# Using Pyrea with Nutrimouse Data Utilising Hierarchical and Spectral Clustering

In this notebok we demonstrate Pyrea's usage by performing hierarchical and spectral clustering on the Nutrimouse[<sup>1</sup>](#fn1) dataset.

We will do this using the Parea_1 structure, a structure that is included as a helper function in the Pyrea software package.

## Imports
This notebook requires Pyrea, mvlearn, and Numpy, let's import them here:

In [1]:
import pyrea
import numpy as np

from mvlearn.datasets import load_nutrimouse

## Load Data

Load the Nutrimouse data from mvlearn:[<sup>2</sup>](#fn2)

In [2]:
nutrimouse_dataset = load_nutrimouse()
data = [nutrimouse_dataset['gene'], nutrimouse_dataset['lipid']]

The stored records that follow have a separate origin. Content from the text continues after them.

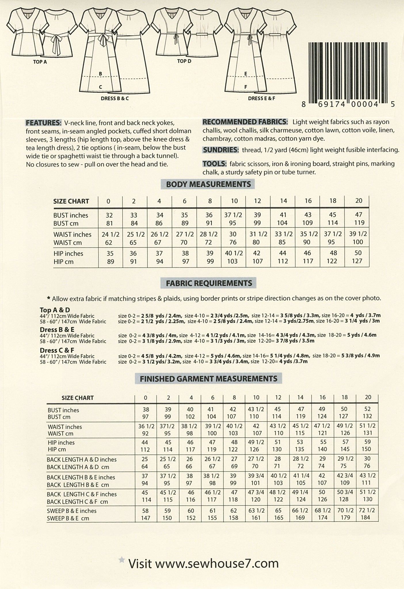 Flattering and easy to wear, the Tea House is a great pattern with a variety of options for different looks. Use a silk or rayon fabric with some drape for a vintage inspired look while a cotton yarn dyed stripe can lend a more modern feel. The Tea House features: a V-neckline with front and back neck yokes, front seaming, in-seam angled pockets (for the dress versions), a back neck box pleat, cuffed dolman short sleeves and two different tie options. Views A, B, & C feature wide under the bust, inseam ties that can be tied behind the back or doubled around to the front. Views D, E & F feature a spaghetti waist tie that threads through a back tunnel and can be tied in the front or for just a bit of waist definition - tied behind the back. There are three different length options - views A & D are hip length tops, views B & E are above the knee length dresses and views C & F are tea length dresses. There are no closures to sew - just slip it on over the head and tie!
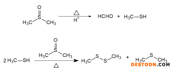 查詢二甲基亞砜穩(wěn)定性相關(guān)文獻(xiàn),報(bào)道二甲基亞砜在酸性條件下高溫加熱會發(fā)生分解,分解產(chǎn)物主要是甲硫醚(沸點(diǎn)38℃)、二甲基二硫醚(沸點(diǎn)109℃)和甲硫醇(沸點(diǎn)123℃)。
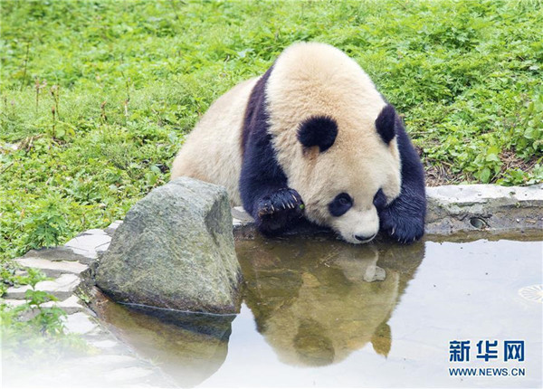 10月20日,在四川卧龙中华大熊猫苑神树坪基地,一只大熊猫在池边喝水。新华社记者 张帆 摄

Preview the shape of the data:

In [3]:
print(f'Number of views: {len(data)}')
print(f'Shape of view 1: {np.shape(data[0])[0]} x {np.shape(data[0])[1]}')
print(f'Shape of view 2: {np.shape(data[1])[0]} x {np.shape(data[1])[1]}')

Number of views: 2
Shape of view 1: 40 x 120
Shape of view 2: 40 x 21


As can be seen there are 2 views. View 1 has 120 features for each of the 40 mice, while view 2 has 21 features for each of the 40 mice. As this is a multi-view dataset, the 40 samples refer to the same 40 mice in both datasets.

We will use Parea_1 to perform hierarchical clustering and spectral clustering on this dataset, and use Pyrea's built-in genetic algorithm functionality to find the best hyperparameters to use for this data.

## Hierarchical Clustering

Perform the genetic algorithm as follows, which will learn the best parameters to use for the clustering:

In [4]:
params_hierarchical = pyrea.parea_1_genetic(data, k_min=2, k_max=5, n_generations=3, n_population=10)

Silhouette score: 0.44309006211180124
Silhouette score: 0.433197188449848
Silhouette score: 0.22683803763440863
Silhouette score: 0.626736111111111
Silhouette score: 0.5256649688737973
Silhouette score: 0.21063133640552997
Silhouette score: 0.4851190476190476
Silhouette score: 0.7875
Silhouette score: 0.49861111111111106
Silhouette score: 0.6840909090909092
gen	nevals	avg     	std     	min     	max   
0  	10    	0.492148	0.172895	0.210631	0.7875
Silhouette score: 0.49861111111111106
Silhouette score: 0.4851190476190476
Silhouette score: 0.4848214285714286
Silhouette score: 0.36851142558991395
Silhouette score: 0.44309006211180124
Silhouette score: 0.68127091423614
Silhouette score: 0.7136363636363636
Silhouette score: 0.68127091423614
1  	8     	0.557703	0.136442	0.368511	0.7875
Silhouette score: 0.68127091423614
Silhouette score: 0.7875
Silhouette score: 0.7136363636363636
Silhouette score: 0.7136363636363636
Silhouette score: 0.7875
Silhouette score: 0.7875
Silhouette score: 0.681270

Once this is complete `params_hierarchical` contains the optimal parameters for this data, which we can then use to call the `parea_1` function with the optimal parameters that we have learned:

In [5]:
labels_hierarchical = pyrea.parea_1(data, *params_hierarchical)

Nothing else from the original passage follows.